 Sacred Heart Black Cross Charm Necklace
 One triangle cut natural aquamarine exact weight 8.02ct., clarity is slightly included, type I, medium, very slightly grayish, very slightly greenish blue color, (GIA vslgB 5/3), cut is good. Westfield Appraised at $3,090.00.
****
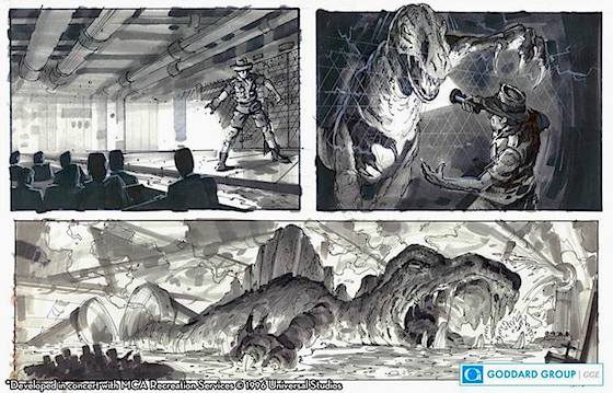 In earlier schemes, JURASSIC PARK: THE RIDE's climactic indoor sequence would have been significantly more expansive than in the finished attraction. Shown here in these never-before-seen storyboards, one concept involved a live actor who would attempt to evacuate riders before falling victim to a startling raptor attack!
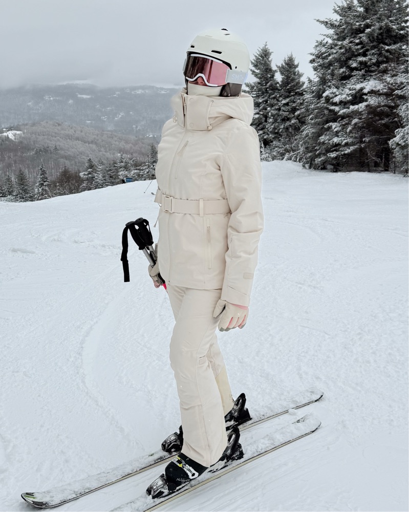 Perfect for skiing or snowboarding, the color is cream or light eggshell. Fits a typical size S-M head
****
_What the task requires_
Above are the entries. Output exactly the lines beginning with the line that has "Sacred Heart Black Cross Charm Necklace" and ending with the line that has "One triangle cut".

_Answer to the problem_
 Sacred Heart Black Cross Charm Necklace
 One triangle cut natural aquamarine exact weight 8.02ct., clarity is slightly included, type I, medium, very slightly grayish, very slightly greenish blue color, (GIA vslgB 5/3), cut is good. Westfield Appraised at $3,090.00.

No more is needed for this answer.